* _ACTION ITEM_
Your copy should match the records exactly, apart from the pictures, which stay out.

* _LISTED RECORDS_
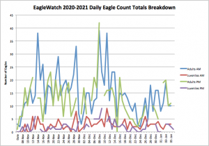 January 6 marked the conclusion of our 2020-2021 EagleWatch season. This season began in its modified form on November 7, and that made for two whole months of EagleWatching at Eagle Run dike! Due to the pandemic, we altered our usual schedule of weekend half-day shifts to two counts daily. With the suspension of the educational portion of the EagleWatch program, this modified schedule offered the opportunity for our dedicated group of volunteers to sign up for multiple shifts and to head out to the dike on their own to monitor safely. We organized ourselves through Sling and email scheduling, and managed to overcome most obstacles that Sling presented.
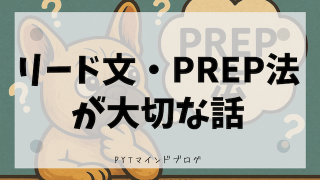 ブログのこと リード文が9割!?PREP法で“伝えるブログ”を目指す初心者主婦の実践記録 2025年6月13日 yu-pytmind https://yu-pytmind.com/wp-content/uploads/2025/03/27a110d4017d5b5fd58224ea3d0aff3b.png “ブログで稼ぐ”は可能?!
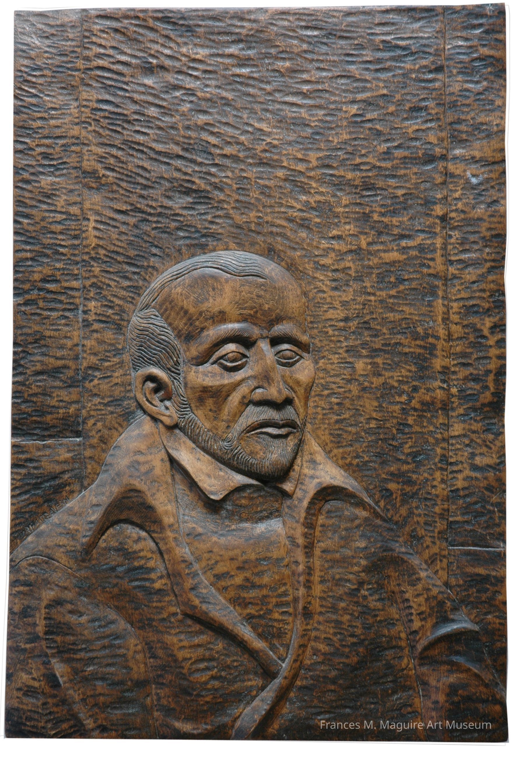 20th-c. carved wood plaque of St. Ignatius of Loyola. President Terrence Toland commissioned this work in memory of his close friend, Rev. William F. Troy, S.J. (1920-1967).Made/Created
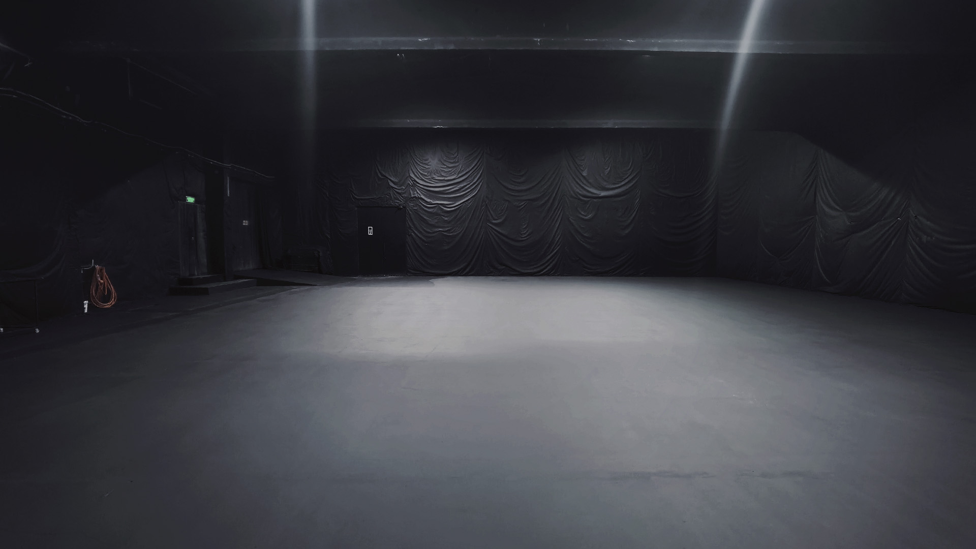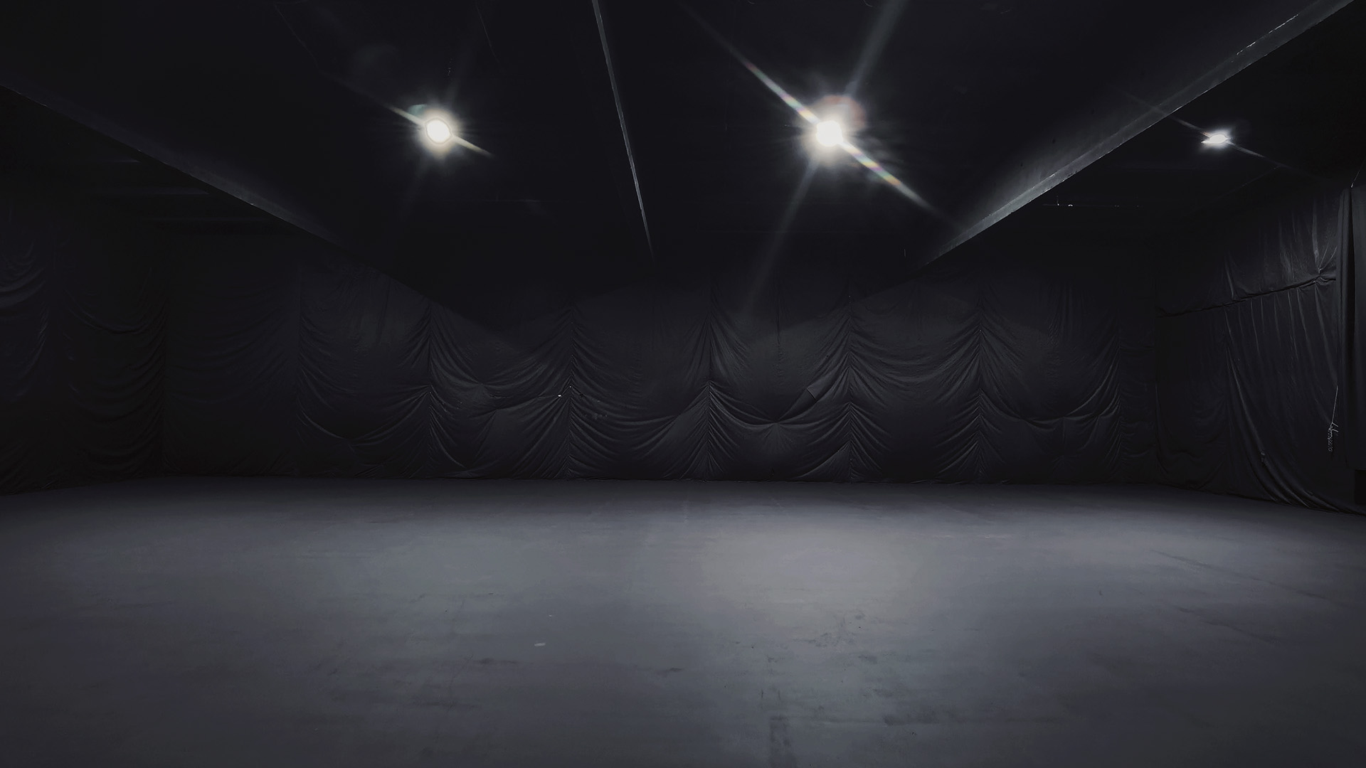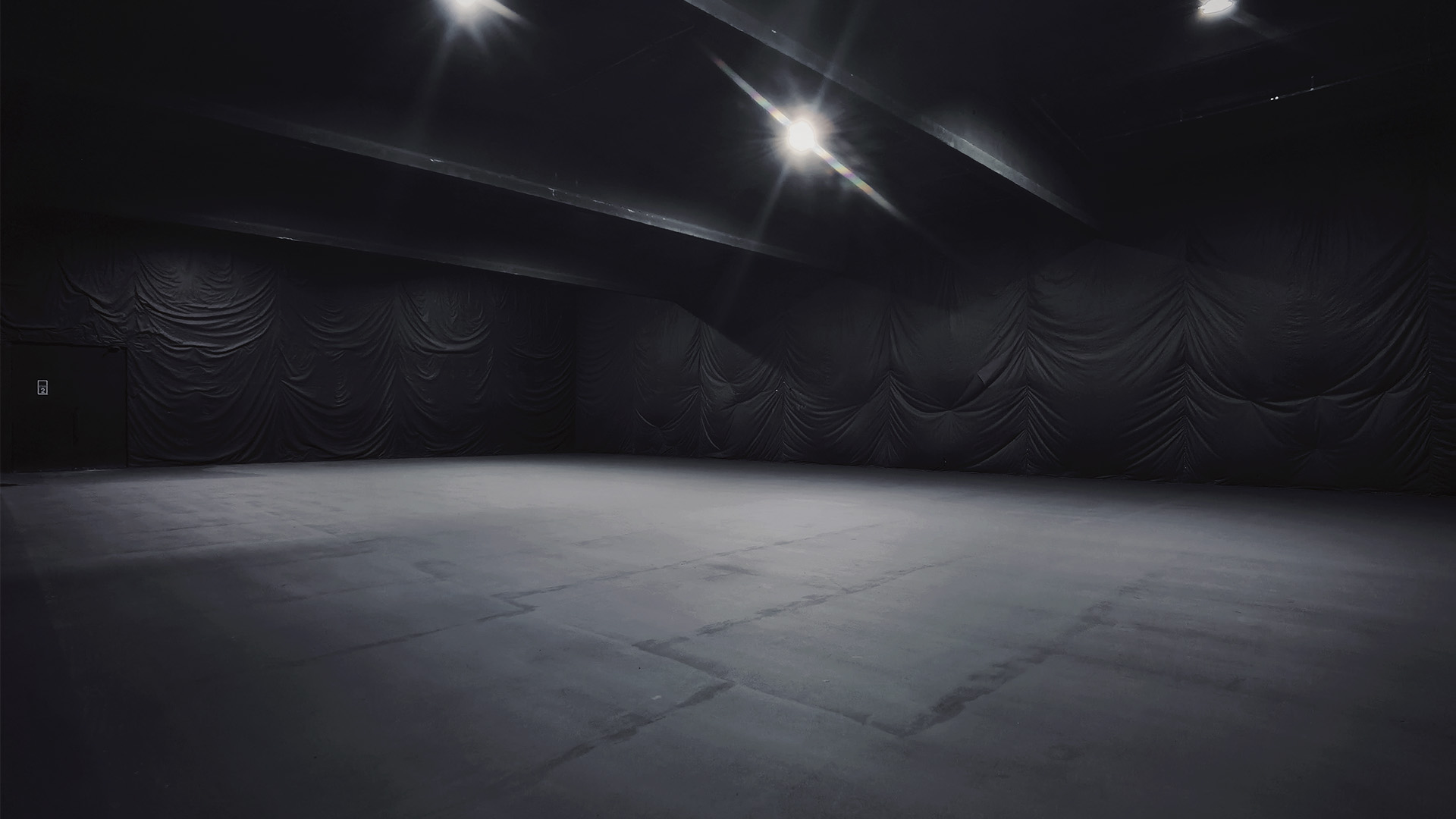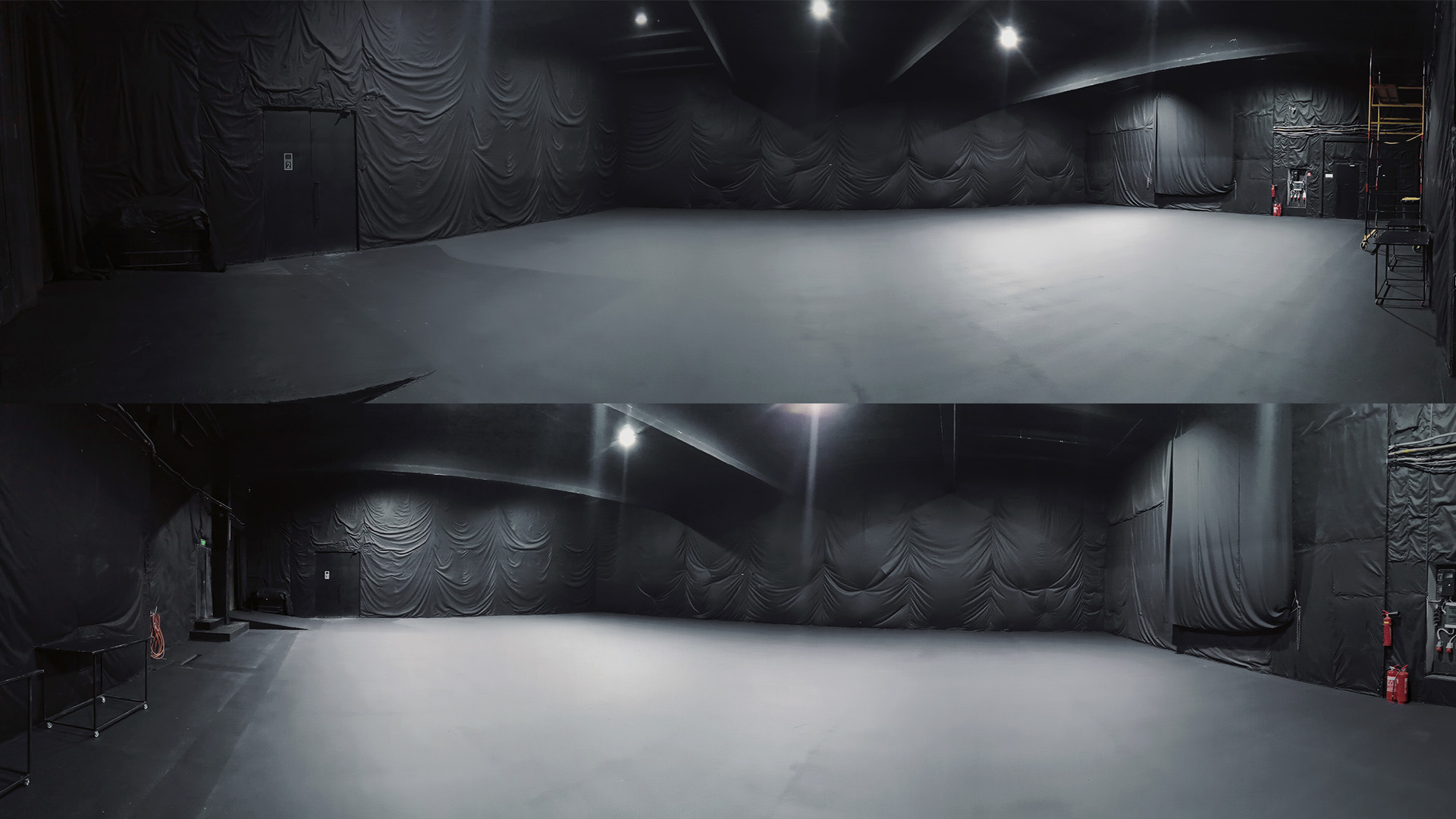 Простір площею 430м2 із висотою стелі до 6 метрів повністю оформлений у стилі TOTAL BLACK на всі 360°: стіни, підлога та стеля чорні, що дозволяє отримати максимальний ефект “провалу в темряву” для драматичних та стильних постановок.
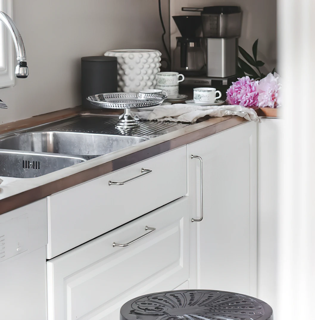 Прекрасно подходит не только для кухнной мебели, но и как ручка на дверце шкафа в прихожей или на комоде в ванной комнате.
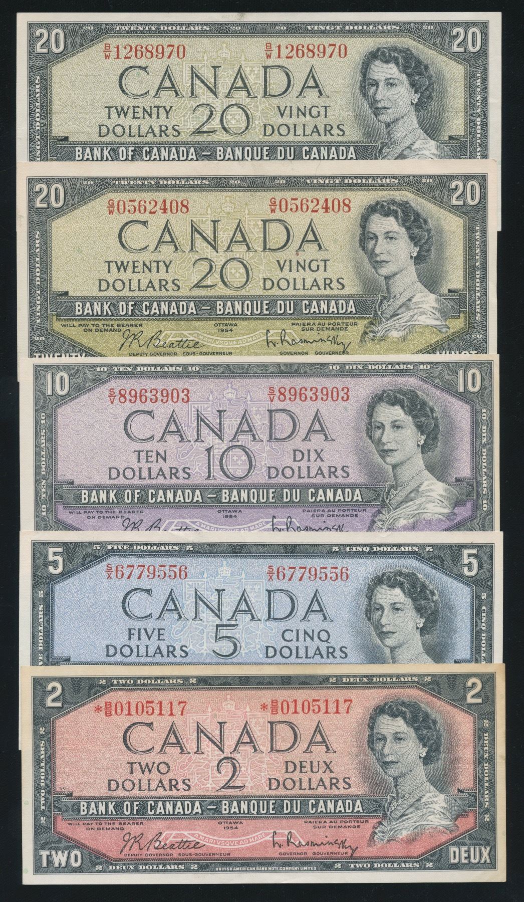 1954 Bank of Canada - Lot of 5 Notes in AU Conditions

* _OUTPUT_
 January 6 marked the conclusion of our 2020-2021 EagleWatch season. This season began in its modified form on November 7, and that made for two whole months of EagleWatching at Eagle Run dike! Due to the pandemic, we altered our usual schedule of weekend half-day shifts to two counts daily. With the suspension of the educational portion of the EagleWatch program, this modified schedule offered the opportunity for our dedicated group of volunteers to sign up for multiple shifts and to head out to the dike on their own to monitor safely. We organized ourselves through Sling and email scheduling, and managed to overcome most obstacles that Sling presented.
 ブログのこと リード文が9割!?PREP法で“伝えるブログ”を目指す初心者主婦の実践記録 2025年6月13日 yu-pytmind https://yu-pytmind.com/wp-content/uploads/2025/03/27a110d4017d5b5fd58224ea3d0aff3b.png “ブログで稼ぐ”は可能?!
 20th-c. carved wood plaque of St. Ignatius of Loyola. President Terrence Toland commissioned this work in memory of his close friend, Rev. William F. Troy, S.J. (1920-1967).Made/Created
 Простір площею 430м2 із висотою стелі до 6 метрів повністю оформлений у стилі TOTAL BLACK на всі 360°: стіни, підлога та стеля чорні, що дозволяє отримати максимальний ефект “провалу в темряву” для драматичних та стильних постановок.
 Прекрасно подходит не только для кухнной мебели, но и как ручка на дверце шкафа в прихожей или на комоде в ванной комнате.
 1954 Bank of Canada - Lot of 5 Notes in AU Conditions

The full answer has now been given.